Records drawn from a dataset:
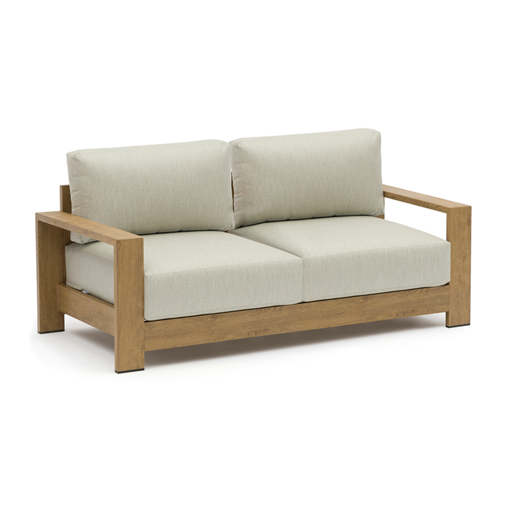 The Sky Sofa features a sleek aluminum frame with a natural oak finish, complemented by soft griege performance fabric seats. A perfect blend of elegance and comfort for any outdoor space.
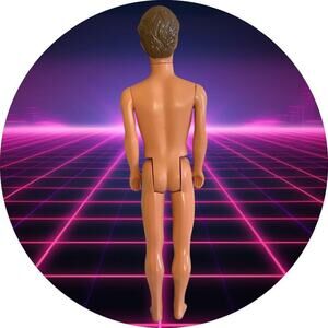 This vintage Barbie doll is a must-have for collectors and fans of the Cool Tops or Cool Teen Kevin product line. Not sure which. He has Zs in his eyes and highlighted brown hair with blonde so not sure- let me know if you know. The doll stands at 10.5 inches and features brown hair with highlights and blue eyes. This original, licensed reproduction doll is from from the 90s and was manufactured by Mattel. The doll is in excellent condition and ready to be displayed. Comes with no clothes.
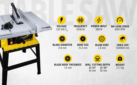 The Stanley SST1801 1800W 254mm Table Saw is a powerful and versatile saw that is perfect for a variety of applications. With a powerful 1800W motor, it can handle even the most challenging cuts with ease. The Stanley Table Saw is the perfect addition to your woodworking shop. This saw is powerful, with a 1800 watt motor, and is designed for accuracy and precision. The heavy-duty 27 kg construction ensures that this saw will withstand years of use. This table saw is perfect combination power, accuracy and durability.
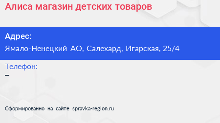 Алиса, магазин детских товаров по адресу Ямало-Ненецкий АО, Салехард, Игарская, 25/4 в дальнейшем Организация, размещена в следующих категориях:
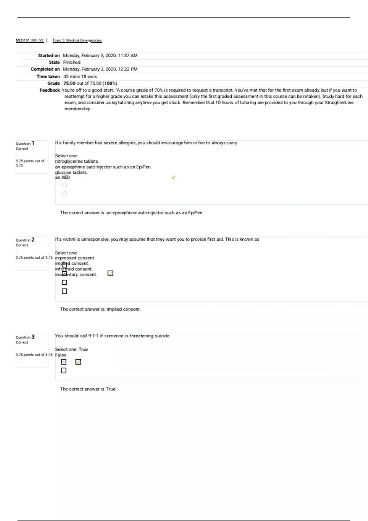 MED101_MH_V2 | Topic 3: Medical Emergencies Started on Monday, February 3, 2020, 11:37 AM State Finished Completed on Monday, February 3, 2020, 12:22 PM Time taken 45 mins 18 secs Grade 75.00 out of 75.00 (100%) Feedback You’re off to a good start. "A course grade of 70% is required to request a transcript. You’ve met that for the first exam already, but if you want to reattempt for a higher grade you can retake this assessment (only the first graded assessment in this course can be retaken). Study hard for each exam, and consider using tutoring anytime you get stuck. Remember that 10 hours of tutoring are provided to you through your StraighterLine membership. The correct answer is: an epinephrine auto-injector such as an EpiPen. The correct answer is: implied consent. The correct answer is 'True'. The correct answer is: semen. The correct answer is: Seek professional help. The correct answer is 'True'. The correct answer is: control all body functions and movement and allow for sensory perception and consciousness. The correct answer is: Abdominal cavity The correct answer is: Stroke The correct answer is: tapping the victim's shoulder and shouting, "Are you okay?" The correct answer is: Roll the person toward you on his side and bend both of the person’s knees to stabilize the body
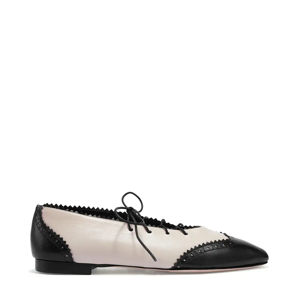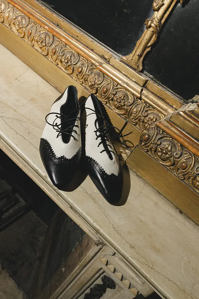 Inspirada en la actitud BIKER, hay una apropiación de prendas clásicas del guardarropa masculino, reinterpretadas de manera inherentemente femenina; se muestran la artesanía tradicional del calzado y el savoir-faire en cuero. El modelo MARGOT con cordones toma los detalles de brogue de los zapatos clásicos masculinos, destacando en el contraste bicolor de negro y hueso. El bolso CINCH se presenta en lana espiga sartorial, también utilizada para dar vida a la zapatilla ELIOT y al zapato de tacón SCARLETT.
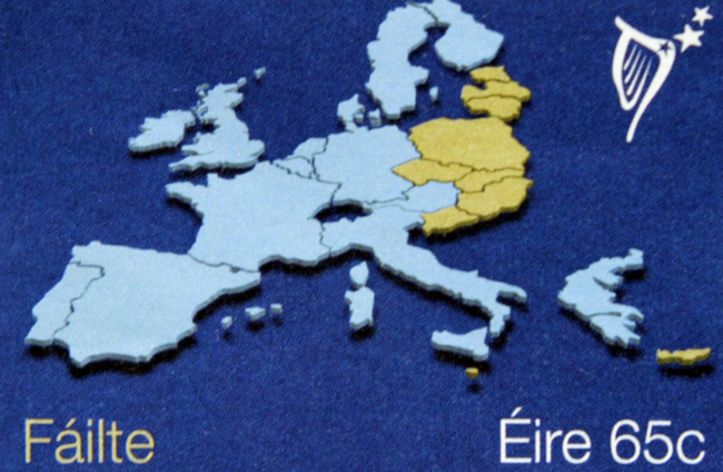 A commemorative stamp issued by Ireland's national postal service, to mark the EU enlargement as the 25 heads of state met in Dublin's Farmleigh House. 2004 PA
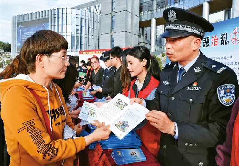 巩固深化扫黑除恶专项斗争、政法队伍教育整顿成果,让群众从一个个具体问题的解决中切实感受到公平正义。图为2020年1月6日,福建省福州市永泰县公安干警在扫黑除恶专项斗争宣传活动上向群众介绍专项斗争成果。 新华社记者 张国俊/摄
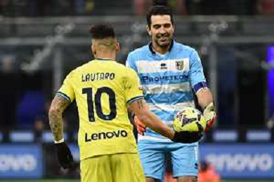 Lautaro Martinez (Inter) e Gianluigi Buffon (Parma) Inter vs Parma Milano 10-01-2023 Stadio Giuseppe Meazza San Siro Coppa Italia Frecciarossa - ottavi di finale foto Roberto Garavaglia/ag. Aldo Liverani sas / AGENZIA ALDO LIVERANI SAS
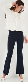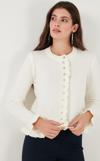Lela Premium Pile Detaylı Regular Fit Yuvarlak Yaka Triko Bayan Hırka 680HI00038 EKRU
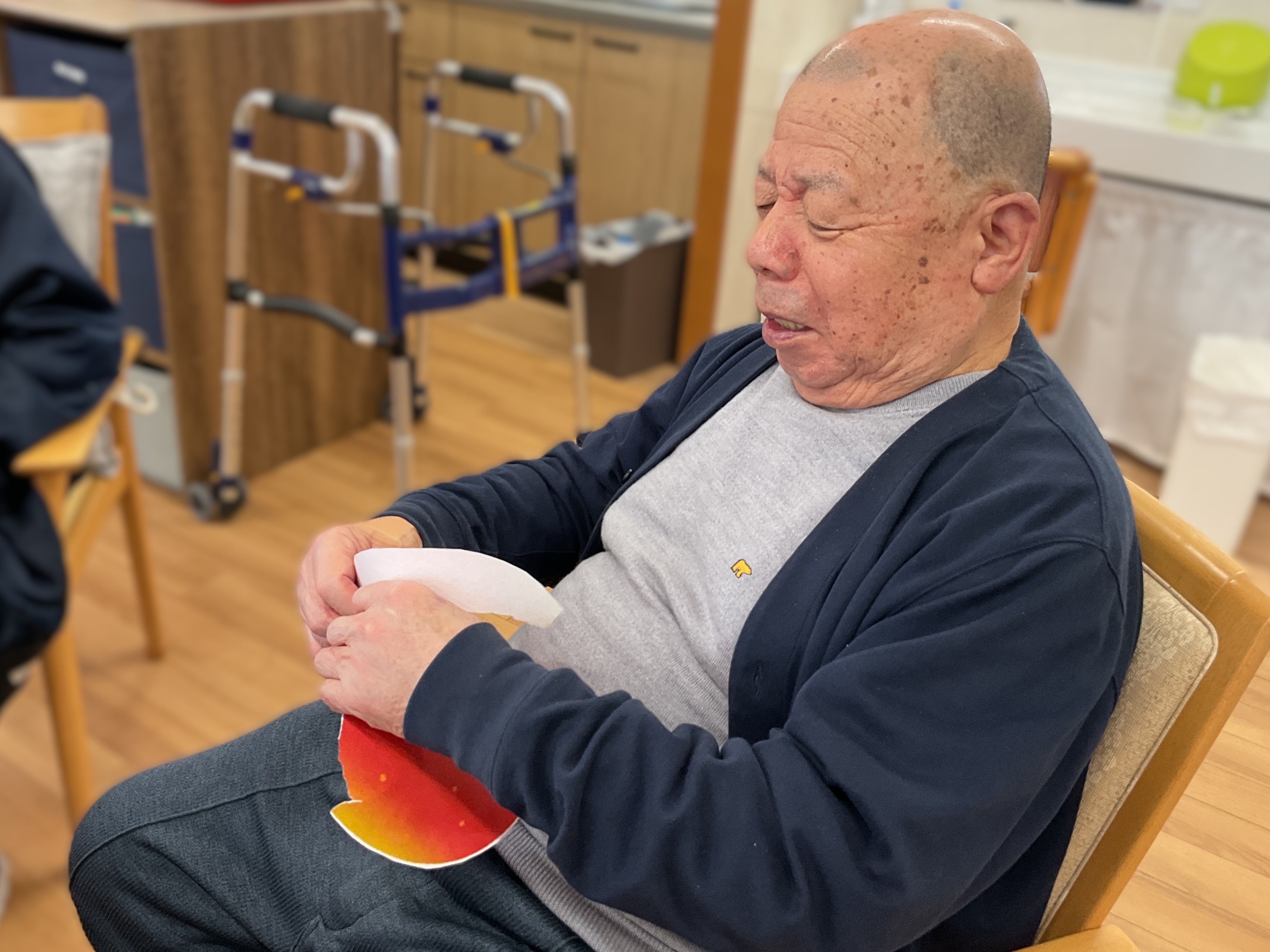 本日のレクリエーションはリンゴの皮むきに挑戦!と、言っても本物ではなく!りんごのイラストをどれだけ長く細く切れるかに挑戦しました✨指の機能訓練もかねて皆さん真剣に取り組んでおられました✌️

**Your assignment:** When you copy the data above, keep each line exact and omit the pictures.

**Expected answer:**
 The Sky Sofa features a sleek aluminum frame with a natural oak finish, complemented by soft griege performance fabric seats. A perfect blend of elegance and comfort for any outdoor space.
 This vintage Barbie doll is a must-have for collectors and fans of the Cool Tops or Cool Teen Kevin product line. Not sure which. He has Zs in his eyes and highlighted brown hair with blonde so not sure- let me know if you know. The doll stands at 10.5 inches and features brown hair with highlights and blue eyes. This original, licensed reproduction doll is from from the 90s and was manufactured by Mattel. The doll is in excellent condition and ready to be displayed. Comes with no clothes.
 The Stanley SST1801 1800W 254mm Table Saw is a powerful and versatile saw that is perfect for a variety of applications. With a powerful 1800W motor, it can handle even the most challenging cuts with ease. The Stanley Table Saw is the perfect addition to your woodworking shop. This saw is powerful, with a 1800 watt motor, and is designed for accuracy and precision. The heavy-duty 27 kg construction ensures that this saw will withstand years of use. This table saw is perfect combination power, accuracy and durability.
 Алиса, магазин детских товаров по адресу Ямало-Ненецкий АО, Салехард, Игарская, 25/4 в дальнейшем Организация, размещена в следующих категориях:
 MED101_MH_V2 | Topic 3: Medical Emergencies Started on Monday, February 3, 2020, 11:37 AM State Finished Completed on Monday, February 3, 2020, 12:22 PM Time taken 45 mins 18 secs Grade 75.00 out of 75.00 (100%) Feedback You’re off to a good start. "A course grade of 70% is required to request a transcript. You’ve met that for the first exam already, but if you want to reattempt for a higher grade you can retake this assessment (only the first graded assessment in this course can be retaken). Study hard for each exam, and consider using tutoring anytime you get stuck. Remember that 10 hours of tutoring are provided to you through your StraighterLine membership. The correct answer is: an epinephrine auto-injector such as an EpiPen. The correct answer is: implied consent. The correct answer is 'True'. The correct answer is: semen. The correct answer is: Seek professional help. The correct answer is 'True'. The correct answer is: control all body functions and movement and allow for sensory perception and consciousness. The correct answer is: Abdominal cavity The correct answer is: Stroke The correct answer is: tapping the victim's shoulder and shouting, "Are you okay?" The correct answer is: Roll the person toward you on his side and bend both of the person’s knees to stabilize the body
 Inspirada en la actitud BIKER, hay una apropiación de prendas clásicas del guardarropa masculino, reinterpretadas de manera inherentemente femenina; se muestran la artesanía tradicional del calzado y el savoir-faire en cuero. El modelo MARGOT con cordones toma los detalles de brogue de los zapatos clásicos masculinos, destacando en el contraste bicolor de negro y hueso. El bolso CINCH se presenta en lana espiga sartorial, también utilizada para dar vida a la zapatilla ELIOT y al zapato de tacón SCARLETT.
 A commemorative stamp issued by Ireland's national postal service, to mark the EU enlargement as the 25 heads of state met in Dublin's Farmleigh House. 2004 PA
 巩固深化扫黑除恶专项斗争、政法队伍教育整顿成果,让群众从一个个具体问题的解决中切实感受到公平正义。图为2020年1月6日,福建省福州市永泰县公安干警在扫黑除恶专项斗争宣传活动上向群众介绍专项斗争成果。 新华社记者 张国俊/摄
 Lautaro Martinez (Inter) e Gianluigi Buffon (Parma) Inter vs Parma Milano 10-01-2023 Stadio Giuseppe Meazza San Siro Coppa Italia Frecciarossa - ottavi di finale foto Roberto Garavaglia/ag. Aldo Liverani sas / AGENZIA ALDO LIVERANI SAS
Lela Premium Pile Detaylı Regular Fit Yuvarlak Yaka Triko Bayan Hırka 680HI00038 EKRU
 本日のレクリエーションはリンゴの皮むきに挑戦!と、言っても本物ではなく!りんごのイラストをどれだけ長く細く切れるかに挑戦しました✨指の機能訓練もかねて皆さん真剣に取り組んでおられました✌️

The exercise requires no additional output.